▶ [Work item]: Which lines below fall between the one containing "Шары новогодние ёлочные" and the one containing "Advance SterilizedINDICATIONSAliment complet"? Repeat them exactly, counting both of those lines, and add nothing else.

▶ [Input data]:
━━━

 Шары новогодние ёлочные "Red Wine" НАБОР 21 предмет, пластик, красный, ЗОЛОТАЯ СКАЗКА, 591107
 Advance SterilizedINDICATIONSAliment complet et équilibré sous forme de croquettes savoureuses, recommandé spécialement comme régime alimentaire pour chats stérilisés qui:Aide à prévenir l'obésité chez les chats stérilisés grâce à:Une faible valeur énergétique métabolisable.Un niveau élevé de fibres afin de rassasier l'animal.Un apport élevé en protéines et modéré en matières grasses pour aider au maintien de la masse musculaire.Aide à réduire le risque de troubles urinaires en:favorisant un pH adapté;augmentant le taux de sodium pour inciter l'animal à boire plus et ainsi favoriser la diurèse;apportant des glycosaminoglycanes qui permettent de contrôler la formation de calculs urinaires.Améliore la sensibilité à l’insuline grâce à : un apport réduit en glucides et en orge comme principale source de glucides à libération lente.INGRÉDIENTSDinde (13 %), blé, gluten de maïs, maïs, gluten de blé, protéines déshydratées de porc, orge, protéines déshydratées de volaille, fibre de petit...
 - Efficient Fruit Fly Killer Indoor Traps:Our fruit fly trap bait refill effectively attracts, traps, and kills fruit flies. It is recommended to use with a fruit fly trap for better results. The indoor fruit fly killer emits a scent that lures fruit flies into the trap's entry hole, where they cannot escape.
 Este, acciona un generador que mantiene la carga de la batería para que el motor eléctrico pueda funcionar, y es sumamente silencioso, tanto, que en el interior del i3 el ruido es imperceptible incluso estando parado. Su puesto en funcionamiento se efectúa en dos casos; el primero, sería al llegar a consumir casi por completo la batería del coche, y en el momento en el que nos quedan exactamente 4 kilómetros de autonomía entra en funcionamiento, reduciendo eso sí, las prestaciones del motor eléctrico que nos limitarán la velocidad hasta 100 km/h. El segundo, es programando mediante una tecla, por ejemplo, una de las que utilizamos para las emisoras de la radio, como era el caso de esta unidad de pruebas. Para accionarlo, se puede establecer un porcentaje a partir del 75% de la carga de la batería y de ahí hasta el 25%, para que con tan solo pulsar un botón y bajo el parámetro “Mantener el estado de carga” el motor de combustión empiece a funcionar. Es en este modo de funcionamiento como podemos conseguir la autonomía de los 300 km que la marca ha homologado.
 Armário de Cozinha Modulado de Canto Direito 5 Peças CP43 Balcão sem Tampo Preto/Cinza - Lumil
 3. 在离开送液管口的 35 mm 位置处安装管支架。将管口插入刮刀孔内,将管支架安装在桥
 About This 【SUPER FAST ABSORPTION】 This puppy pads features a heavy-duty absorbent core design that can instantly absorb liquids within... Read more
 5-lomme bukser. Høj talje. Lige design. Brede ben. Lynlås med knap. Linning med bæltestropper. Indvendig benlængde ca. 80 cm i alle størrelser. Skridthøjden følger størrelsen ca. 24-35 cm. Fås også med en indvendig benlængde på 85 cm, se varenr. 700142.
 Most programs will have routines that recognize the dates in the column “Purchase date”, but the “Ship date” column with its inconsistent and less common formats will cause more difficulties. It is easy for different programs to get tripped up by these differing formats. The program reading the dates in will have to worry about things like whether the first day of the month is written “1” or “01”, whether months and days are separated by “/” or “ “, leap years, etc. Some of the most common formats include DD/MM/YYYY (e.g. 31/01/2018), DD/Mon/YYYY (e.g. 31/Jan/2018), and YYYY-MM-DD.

━━━

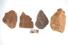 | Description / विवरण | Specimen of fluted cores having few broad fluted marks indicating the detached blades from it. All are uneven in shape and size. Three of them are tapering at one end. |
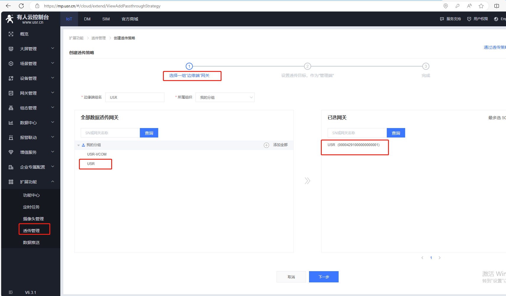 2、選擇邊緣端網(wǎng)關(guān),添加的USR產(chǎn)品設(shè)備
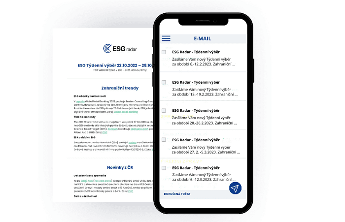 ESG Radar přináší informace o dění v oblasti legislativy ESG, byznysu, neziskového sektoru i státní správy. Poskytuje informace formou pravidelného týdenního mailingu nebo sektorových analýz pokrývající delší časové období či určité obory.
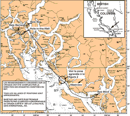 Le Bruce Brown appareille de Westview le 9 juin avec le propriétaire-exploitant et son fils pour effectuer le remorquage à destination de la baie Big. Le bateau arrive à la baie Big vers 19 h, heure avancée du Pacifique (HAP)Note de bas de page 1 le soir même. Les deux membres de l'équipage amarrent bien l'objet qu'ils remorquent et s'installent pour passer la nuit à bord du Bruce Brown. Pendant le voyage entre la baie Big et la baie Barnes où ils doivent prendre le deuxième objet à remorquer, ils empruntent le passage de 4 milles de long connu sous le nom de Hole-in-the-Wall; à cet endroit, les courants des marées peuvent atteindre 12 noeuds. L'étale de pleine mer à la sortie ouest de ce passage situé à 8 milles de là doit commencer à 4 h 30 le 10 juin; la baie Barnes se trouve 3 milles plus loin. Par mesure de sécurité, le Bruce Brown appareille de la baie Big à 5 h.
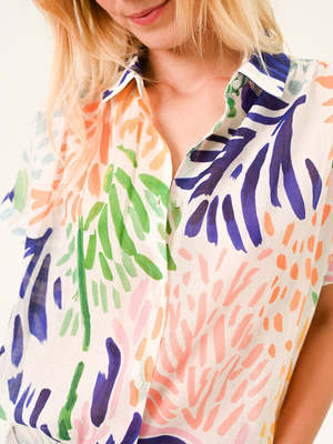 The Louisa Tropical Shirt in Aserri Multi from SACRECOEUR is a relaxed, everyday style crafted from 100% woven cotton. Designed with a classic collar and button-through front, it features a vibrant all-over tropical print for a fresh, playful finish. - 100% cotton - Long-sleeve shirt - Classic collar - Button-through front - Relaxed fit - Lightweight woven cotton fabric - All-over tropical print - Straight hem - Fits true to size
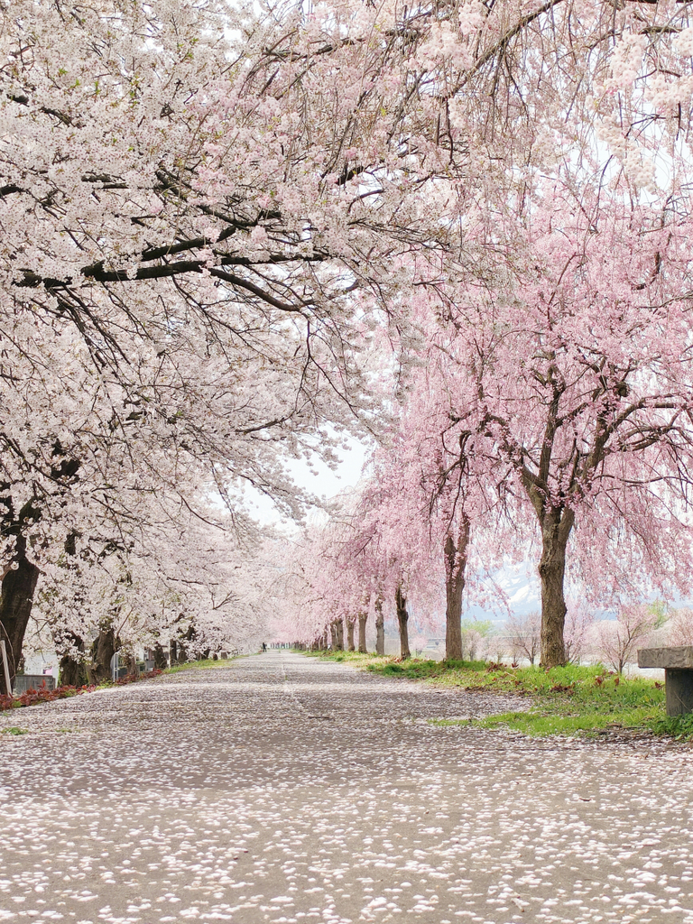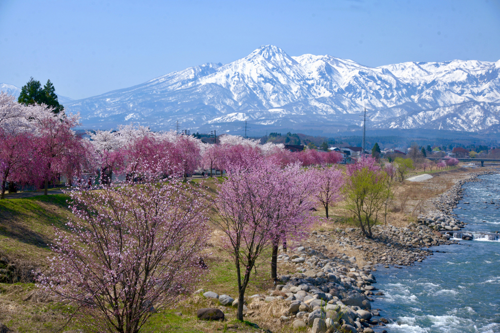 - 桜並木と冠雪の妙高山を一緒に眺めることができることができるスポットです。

━━━

▶ [Finished task]:
 Шары новогодние ёлочные "Red Wine" НАБОР 21 предмет, пластик, красный, ЗОЛОТАЯ СКАЗКА, 591107
 Advance SterilizedINDICATIONSAliment complet et équilibré sous forme de croquettes savoureuses, recommandé spécialement comme régime alimentaire pour chats stérilisés qui:Aide à prévenir l'obésité chez les chats stérilisés grâce à:Une faible valeur énergétique métabolisable.Un niveau élevé de fibres afin de rassasier l'animal.Un apport élevé en protéines et modéré en matières grasses pour aider au maintien de la masse musculaire.Aide à réduire le risque de troubles urinaires en:favorisant un pH adapté;augmentant le taux de sodium pour inciter l'animal à boire plus et ainsi favoriser la diurèse;apportant des glycosaminoglycanes qui permettent de contrôler la formation de calculs urinaires.Améliore la sensibilité à l’insuline grâce à : un apport réduit en glucides et en orge comme principale source de glucides à libération lente.INGRÉDIENTSDinde (13 %), blé, gluten de maïs, maïs, gluten de blé, protéines déshydratées de porc, orge, protéines déshydratées de volaille, fibre de petit...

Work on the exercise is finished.